That is a good idea. By the way I am in Northern NJ. We are getting more snow today, and had slush conditions yesterday, rain snow sleet, a nice mess in the driveway. The plows left huge round mounds at the driveway entrance.

But I have to say and take back some things; The 1st snow of the season was wet and heavy and the 524 iced up. But that was not the machines fault, but mine. I had put a new belt on, and it was not adjusted properly. I made adjustments after that 1st snow.

The paddles I put on the impeller are stiff ( stiff layers of tread mill belt glued together into 1 solid paddle). So yesterday, I was pleasantly suprised as it threw the slush with no problem, ya was my expression.

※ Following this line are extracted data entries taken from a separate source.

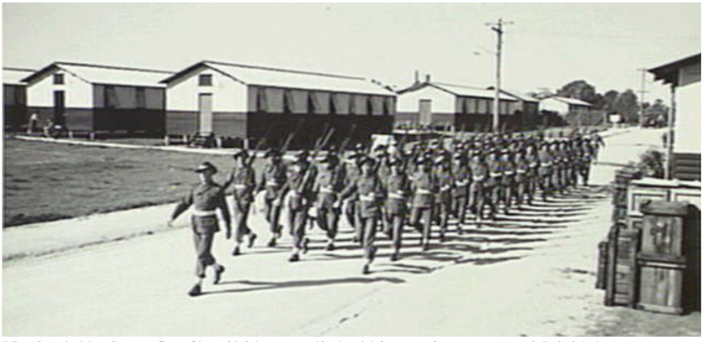
Kalinga, Queensland, Australia. 1945-07. Troops of the special wireless group marching through their camp area.

To mark the Anzac Centenary, this commemorative publication In roads to defence , acknowledges the role played by transportation in Queensland's defence history during the First and Second World War. It is a tribute to the men and women of the department and its previous iterations who served in these wars, both at home and abroad.
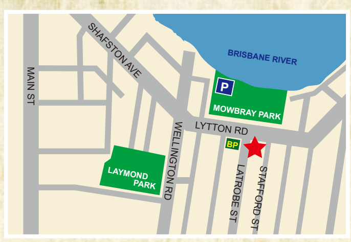
Parking is behind the East Brisbane Bowls Club across the road
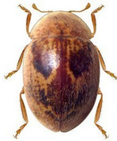
6 Cranoryssus variegatus
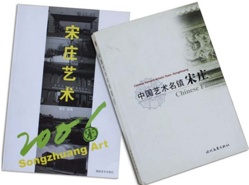
Figure 10: Left: Annually Published Songzhuang Art ; Right: Zhongguo Yishu Mingzhen Songzhuang [Chinese Famous Artistic Town Songzhuang]
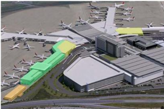
■ Concourse D ■ Terminal Wings ■ Central Utility Plant
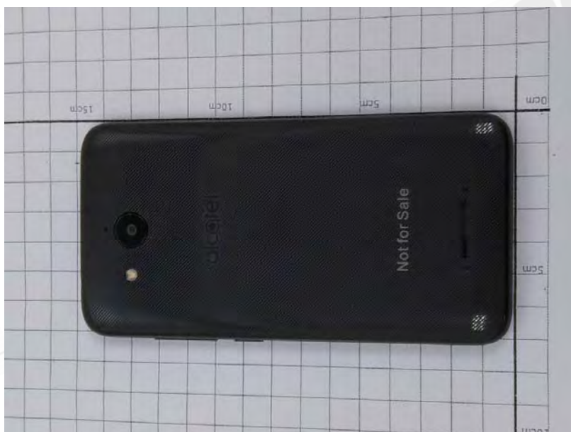
Fig. 4 Back view of EUT
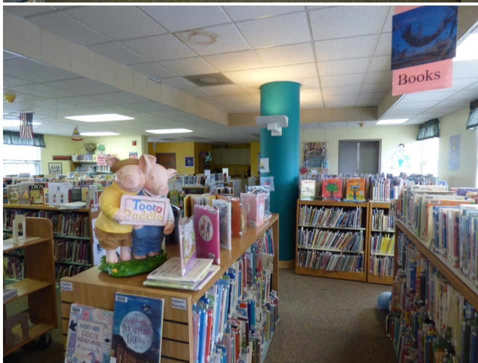
Children's Room Collection
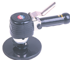
16013 6" Dual Action Sander
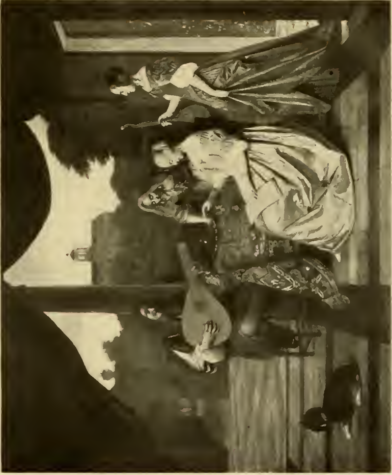
THE MUSIC PARTY BY PIETER DE HOOCH
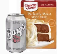
ROOT BEER & SPICE
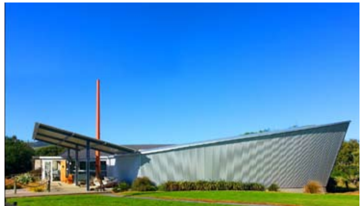
Owaka Museum & Catlins Information Centre

129 Hinahina Road, Owaka 03 415 8455 027 385 3182 earthlore3@gmail.com www.earthlore.co.nz
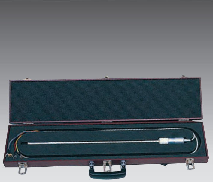
Super Stable Standard Platinum Resistance Thermometer

The 670SQ 650mm long is our recommended SPRT offering ultra stability, and has superior vibration, shock, immersion and self heating characteristics. From the success of the original Model 670 SPRTs we have introduced new models into the 670 range offering metal sheathed and low temperature models.
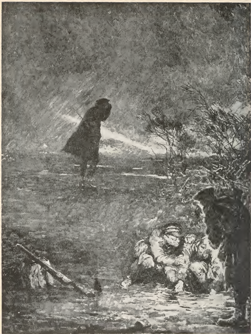
THE MUNSTERS AT FESTUBERT December 22nd, 1914
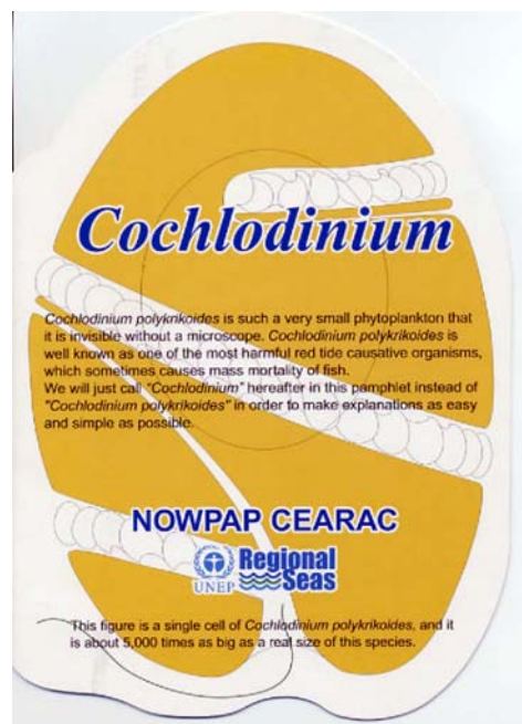
Figure 4. Cochlodinium Pamphlet

Based on the Cochlodinium homepage, the Cochlodinium pamphlet was published at the end of 2005. The pamphlet was made to advertise the NOWPAP CEARAC activities and Cochlodinium homepage, and to provide basic information on Cochlodinium for interested students, NGOs and public. The image of the pamphlet is shown in Figure 4.

I am 6'2" and I wish the bars were a little higher, boy it's a heavy machine, but I am pleased.


----------



## SnowG (Dec 5, 2014)

That plow idea is good but for special conditions; maybe 2" or less powder or very wet slush. I'm in SW CT and yesterday I cleared 2-3" of slush that was actually pretty easy for the Honda HS928 to throw far. The trick was to move fairly fast so the slush would fill and load up the impeller. Had no trouble with it. 

For really light powder <2" and slush I own a 30" plastic "pusher" style shovel that's the best tool for the job. Would go even wider for powder, but not for slush (heavy). If you get one of these I recommend you get one that has the ends turned so it doesn't spill as much out the sides. For a wider area you can push the snow/slush into long piles that you can clear with the snow thrower. 

They sell pusher style shovels that you might be able to adapt into a plow for your snow thrower -- search the web for "snow pusher" and you'll come up with a bunch of styles.


----------



## silwan (Feb 25, 2014)

SnowG said:


> That plow idea is good but for special conditions; maybe 2" or less powder or very wet slush. I'm in SW CT and yesterday I cleared 2-3" of slush that was actually pretty easy for the Honda HS928 to throw far. The trick was to move fairly fast so the slush would fill and load up the impeller. Had no trouble with it.
> 
> For really light powder <2" and slush I own a 30" plastic "pusher" style shovel that's the best tool for the job. Would go even wider for powder, but not for slush (heavy). If you get one of these I recommend you get one that has the ends turned so it doesn't spill as much out the sides. For a wider area you can push the snow/slush into long piles that you can clear with the snow thrower.
> 
> They sell pusher style shovels that you might be able to adapt into a plow for your snow thrower -- search the web for "snow pusher" and you'll come up with a bunch of styles.


Thanks for that. Gonna look them up


----------